Real-world fixes: - MySQL InnoDB splits its LRU list into a young (hot) sublist and an old (probationary) sublist. New blocks enter the old end; only a block re-accessed after a delay is promoted to young. A one-pass scan fills only the old sublist and is evicted without disturbing the young hot set. This is the midpoint-insertion LRU (also called LRU-K-like / segmented LRU). - PostgreSQL uses a CLOCK / second-chance variant (the buffer manager's clock-sweep) rather than strict LRU, partly for concurrency and partly because it degrades more gracefully under scans. - ARC / 2Q explicitly separate "seen once" from "seen multiple times," so a scan cannot evict frequently used pages.

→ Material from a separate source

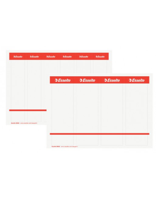 * Ordnerrugetiketten op A4 vellen. * Voor Esselte ordners met etikethouder. * Voorbedrukte rugetiketten van karton 130 g/m². * Geschikt voorinkjet- , laserprinters en kopieermachines. * Gratis templates via www.esselte.com/easyprint. 1 pak x 50 stuk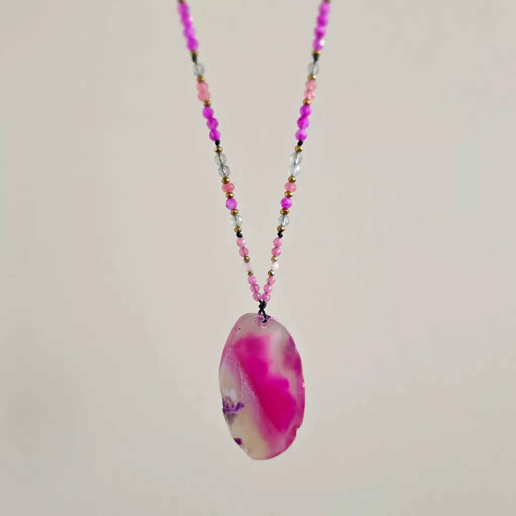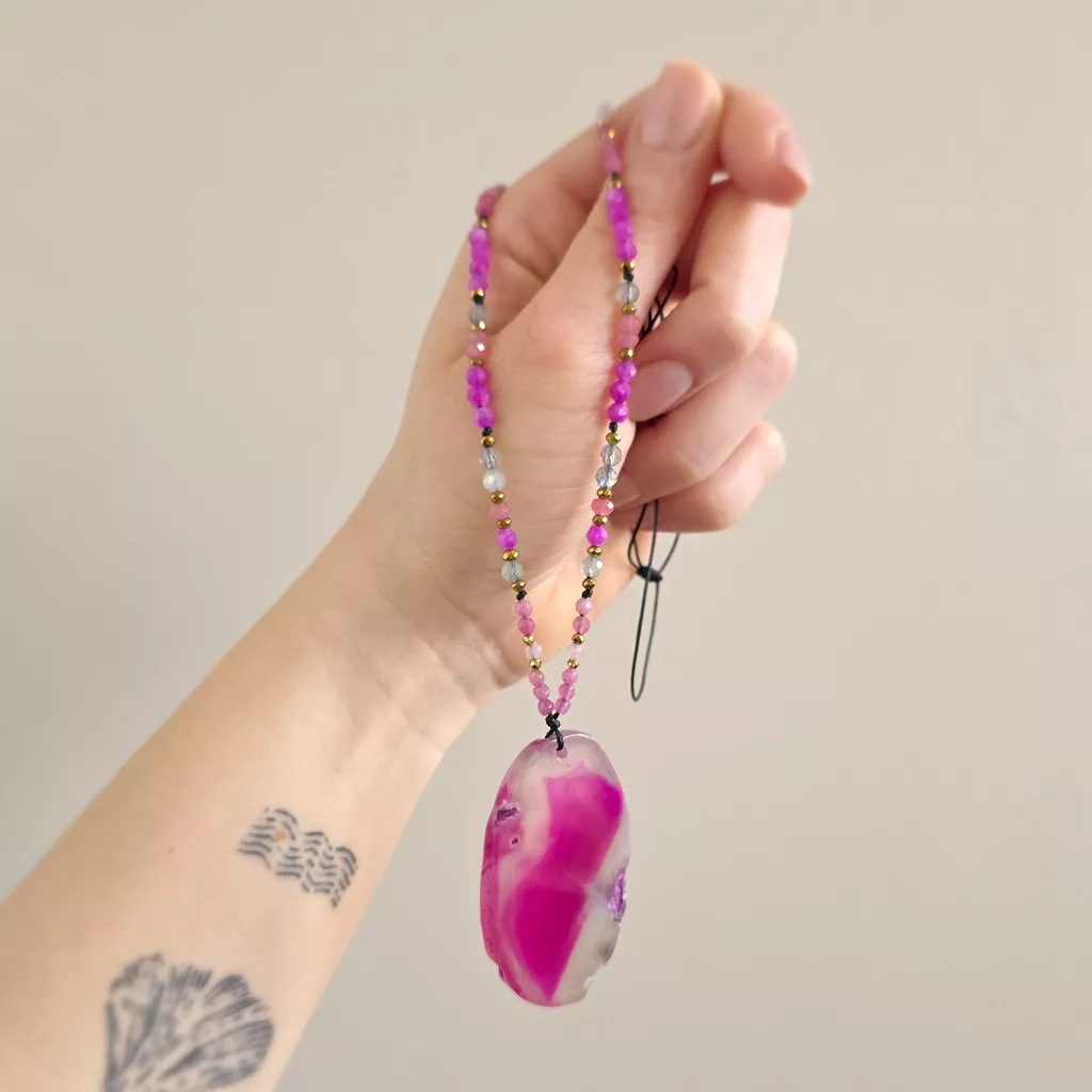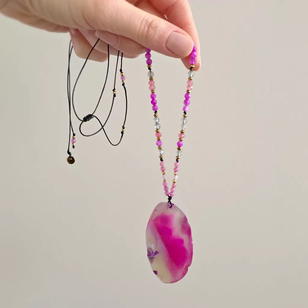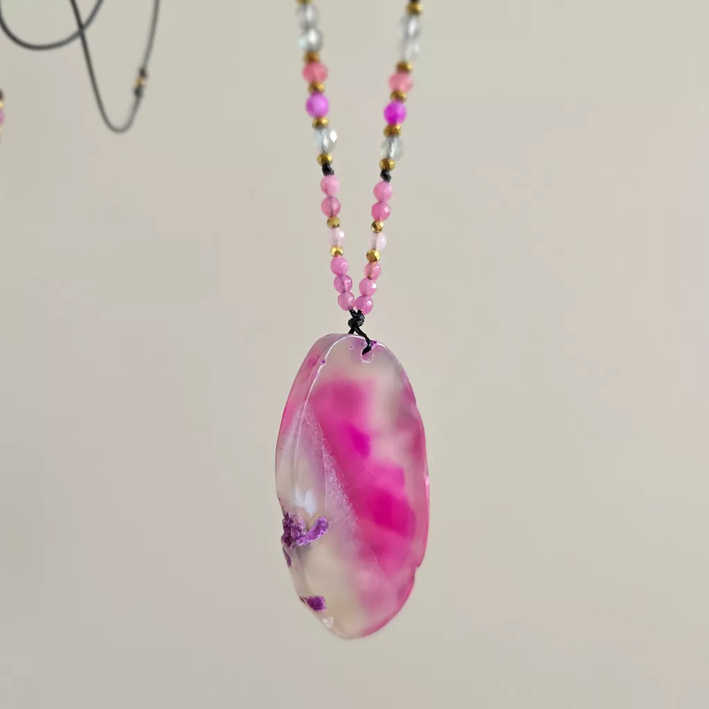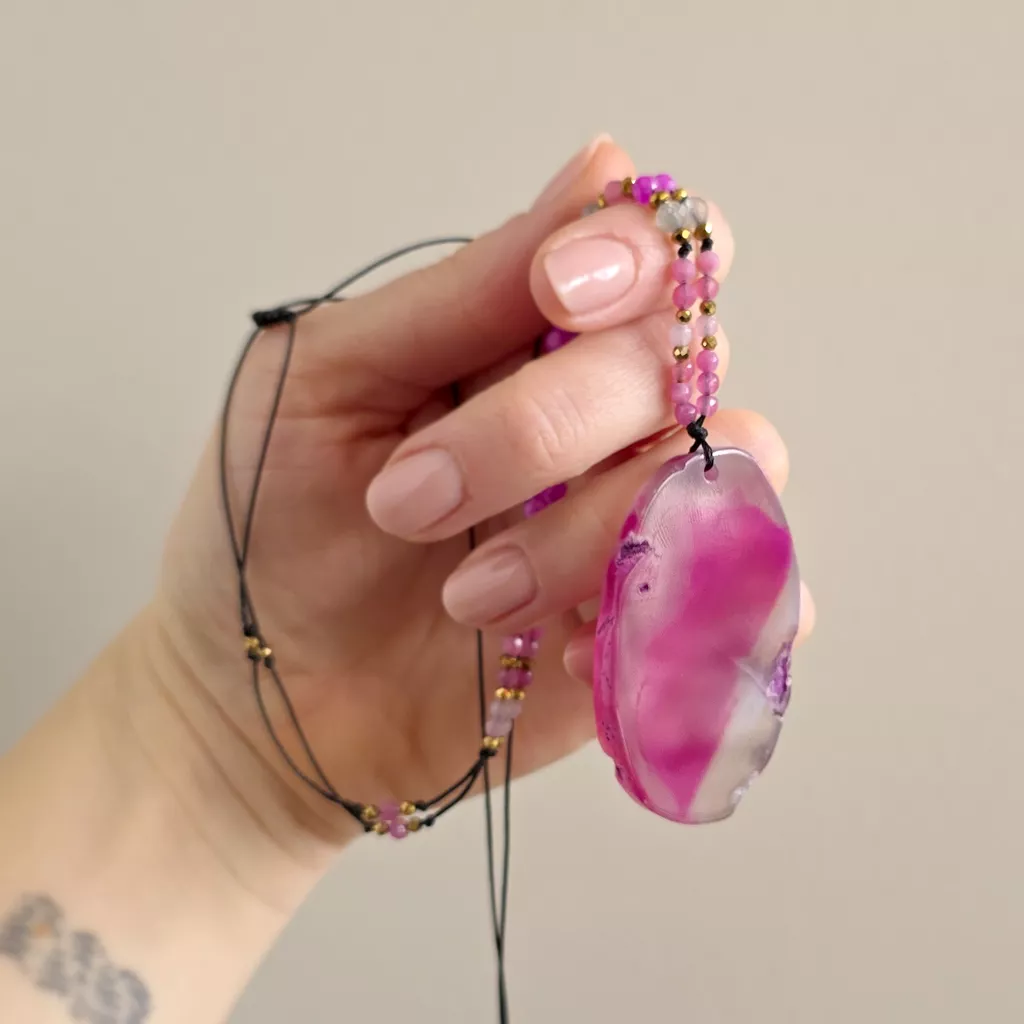 Naszyjnik wykonany z kamieni naturalnych - barwionego na różowo agatu, kwarcu różowego, jadeitu i hematytu. Podstawę naszyjnika stanowi mocny sznurek, wykończenie - stal chirurgiczna.

The lesson: strict LRU is rarely deployed unmodified in high-performance systems. It is the conceptual baseline; production systems use a scan-resistant approximation. The senior level covers CLOCK and segmented LRU in depth.
LinkedHashMap: LRU Almost for Free¶
In Java you usually do not hand-roll the hash-map-plus-doubly-linked-list. The JDK already ships one: java.util.LinkedHashMap. It is a HashMap that also maintains a doubly linked list across all its entries — exactly the structure we built by hand.
LinkedHashMap has a constructor flag, accessOrder: - accessOrder = false (default): the linked list keeps insertion order. - accessOrder = true: every get and put moves the touched entry to the end of the list — i.e., access order. This is precisely LRU ordering.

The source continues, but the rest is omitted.